En Camargue, l’enjeu de l’eau est intimement lié à l’activité agricole. Le territoire accueille notamment une importante production rizicole, mais aussi des cultures céréalières, du fourrage, de la viticulture et de l’élevage.

Le Parc naturel régional de Camargue rappelle que l’eau constitue un élément central du fonctionnement du delta et qu’elle concerne directement l’agriculture, et notamment la riziculture. Le riz occupe une place majeure dans le système agricole camarguais et nécessite une irrigation par submersion.

Cette particularité explique pourquoi les modalités locales du plan seront particulièrement suivies. Une partie des aides annoncées au niveau national devra en effet être adaptée aux réalités des territoires et aux filières concernées.

La situation concerne également l’élevage. Les exploitations camarguaises associent notamment élevages extensifs et espaces de pâturage, tandis que les systèmes agricoles peuvent intégrer des cultures de fourrage dans leurs rotations. Le Parc naturel régional souligne par ailleurs le rôle économique, environnemental et culturel de l’élevage extensif des taureaux et des chevaux dans le delta.

Taxe foncière et carburant : d’autres mesures annoncées

Le Gouvernement prévoit par ailleurs des dégrèvements locaux de taxe foncière sur les propriétés non bâties, pour un montant annoncé de plus de 300 millions d’euros à l’échelle nationale. Le dispositif doit concerner les exploitations les plus durement touchées.

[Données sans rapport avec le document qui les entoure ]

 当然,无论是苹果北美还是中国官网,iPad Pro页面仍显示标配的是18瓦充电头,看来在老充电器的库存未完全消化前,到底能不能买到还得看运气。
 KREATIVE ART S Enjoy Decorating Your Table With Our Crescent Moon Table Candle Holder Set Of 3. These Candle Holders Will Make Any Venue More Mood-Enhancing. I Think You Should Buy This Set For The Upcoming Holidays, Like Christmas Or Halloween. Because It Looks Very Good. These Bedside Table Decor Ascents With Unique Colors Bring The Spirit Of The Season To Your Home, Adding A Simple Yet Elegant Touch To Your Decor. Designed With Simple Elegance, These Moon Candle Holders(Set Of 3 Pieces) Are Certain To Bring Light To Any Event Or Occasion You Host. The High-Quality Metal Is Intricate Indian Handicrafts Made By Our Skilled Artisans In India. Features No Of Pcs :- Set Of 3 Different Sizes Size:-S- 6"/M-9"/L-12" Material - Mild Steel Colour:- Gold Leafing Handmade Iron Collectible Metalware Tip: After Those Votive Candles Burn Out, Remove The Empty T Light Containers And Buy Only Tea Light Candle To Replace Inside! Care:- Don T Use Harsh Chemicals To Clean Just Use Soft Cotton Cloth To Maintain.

Autre mesure importante pour les exploitants : le soutien exceptionnel au gazole non routier agricole (GNR), fixé à 15 centimes par litre, est prolongé jusqu’en octobre 2026. Le ministère chiffre cette mesure à 106 millions d’euros.

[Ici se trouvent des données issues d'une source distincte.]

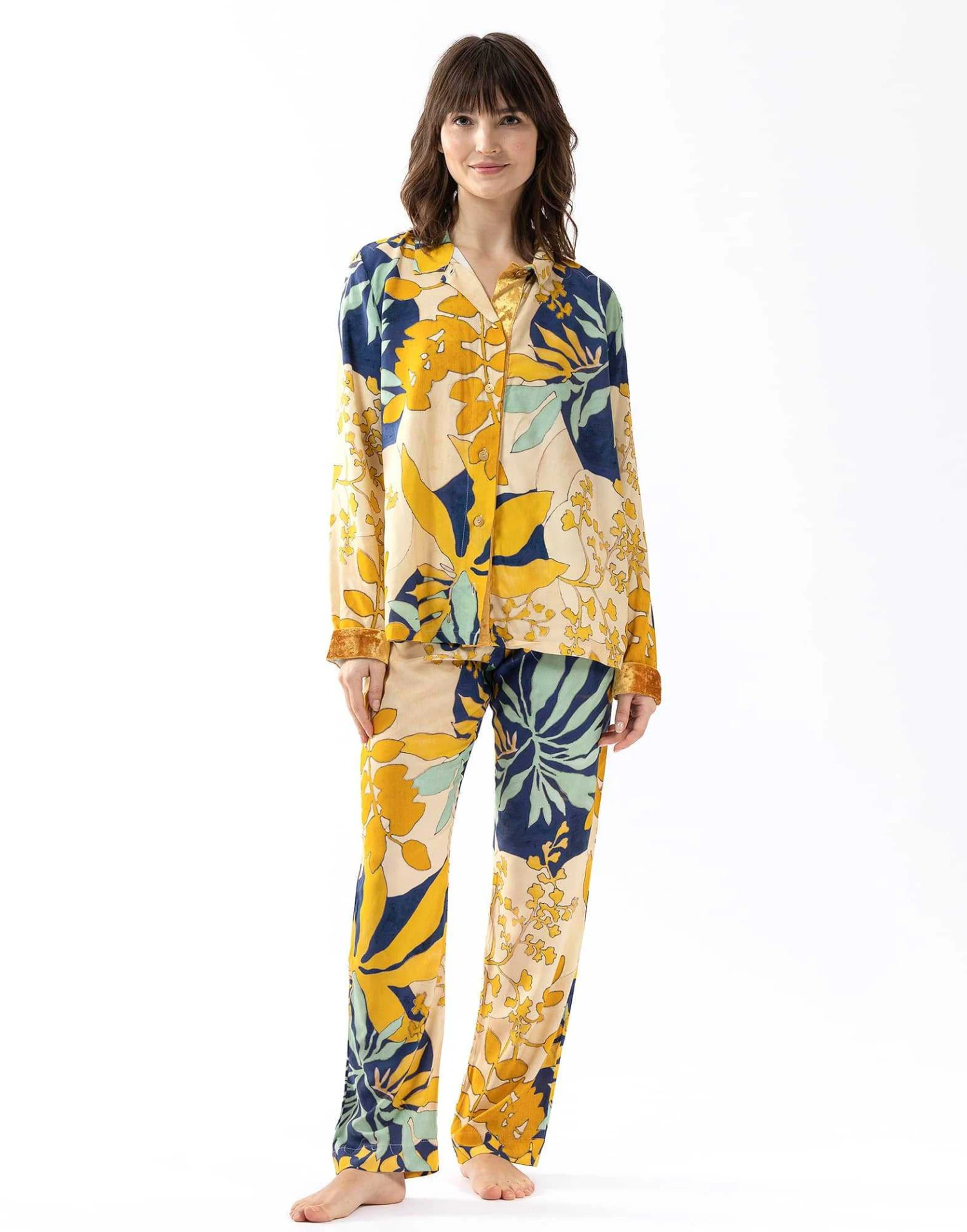 Effet masculin / féminin, le pyjama boutonné FOUGÈRES 606 multico est un incontournable de nos collections, à porter en homewear et nightwear.

Cette aide intervient dans un contexte où les coûts liés au carburant et aux intrants pèsent déjà sur les trésoreries agricoles. Le Gouvernement avait d'ailleurs annoncé dès le printemps plusieurs mesures destinées à amortir la hausse des coûts du GNR et des engrais.

Quelles aides pour les agriculteurs de Camargue ?

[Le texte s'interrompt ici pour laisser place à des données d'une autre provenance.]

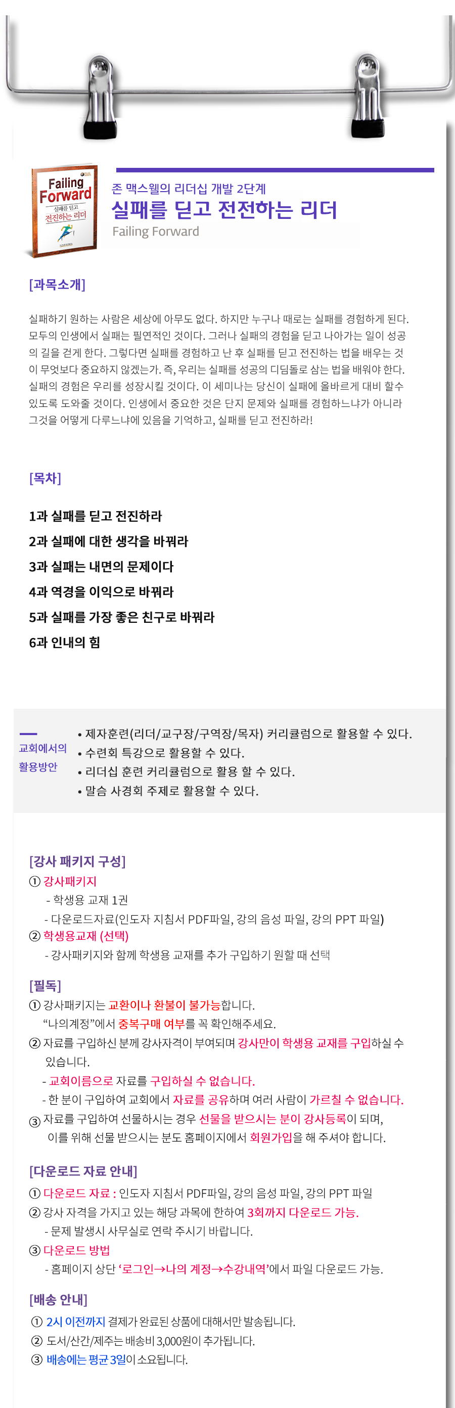 과목소개 글보기실패를 딛고 전진하는 리더 운영자 조회수 754 2019-06-03 16:14:37카테고리지도력개발 실패를 성공의 디딤돌로 삼는 법<실패를 딛고 전진하는 리더>세미나를 소개합니다^^ - 디모데성경연구원 - 미리 보기■ 학생용 강의안■ 강의용 PPT 안내사항- <실패를 딛고 전진하는 리더>는 "이큅 리더십 특강"이라는 이름의 세미나에서 다뤄집니다.- 세미나에 참석하기 원하시는 분은 본 연구원의 홈페이지에서 "이큅 리더십 특강" 일정을 확인 해주세요.- "이큅 리더십 특강" 세미나에 참석하신 후 패키지를 구입하시면 강사자격이 주어집니다.- 강사 자격이 있으신 분만이 각 교회에서 세미나를 진행하실 수 있으며, 교재도 주문이 가능합니다.- 리더십 개발 2단계(6과목)를 모두 구입하시면 학생용 강의안 PDF파일을 추가로 드립니다.- 교재는 디모데성경연구원/월드티치에서만 구입이 가능합니다.- 문의사항이 있으신 경우 02-2652-0919로 전화주시면 감사하겠습니다. #실패# 전진# 리더# 리더십# 리더교육# 리더십교육# 리더십강의# 디모데성경연구원# 이큅# EQUIP 목록답변글쓰기 이전신약책별성경연구운영자2019-05-30-실패를 딛고 전진하는 리더운영자2019-06-03다음심플한 구약의 파노라마운영자2019-05-30 Powered by MangBoard

À ce stade, il convient donc de distinguer les mesures nationales annoncées de leur déclinaison effective en Camargue.

Les exploitations situées dans les Bouches-du-Rhône et le Gard pourront potentiellement être concernées par plusieurs dispositifs, mais les conditions d'éligibilité, les montants individuels et les démarches à effectuer dépendront notamment des procédures mises en place localement et de la reconnaissance des dommages.

Le ministère indique que chaque département dispose depuis juillet d’une cellule sécheresse réunissant notamment les services de l’État, les chambres d’agriculture, les organisations professionnelles, la MSA et d’autres acteurs concernés. Ces structures doivent participer au déploiement et au suivi des mesures.

Pour les agriculteurs camarguais, la prochaine étape sera donc de connaître précisément quelles pertes pourront être indemnisées, quelles exploitations pourront bénéficier du fonds territorialisé et selon quelles modalités les aides seront attribuées.

Le plan national apporte une première réponse financière à une crise qui touche une grande partie du monde agricole. Mais pour la Camargue, territoire où la gestion de l’eau conditionne directement une partie de la production agricole, c’est surtout sa traduction concrète sur le terrain qui sera désormais scrutée.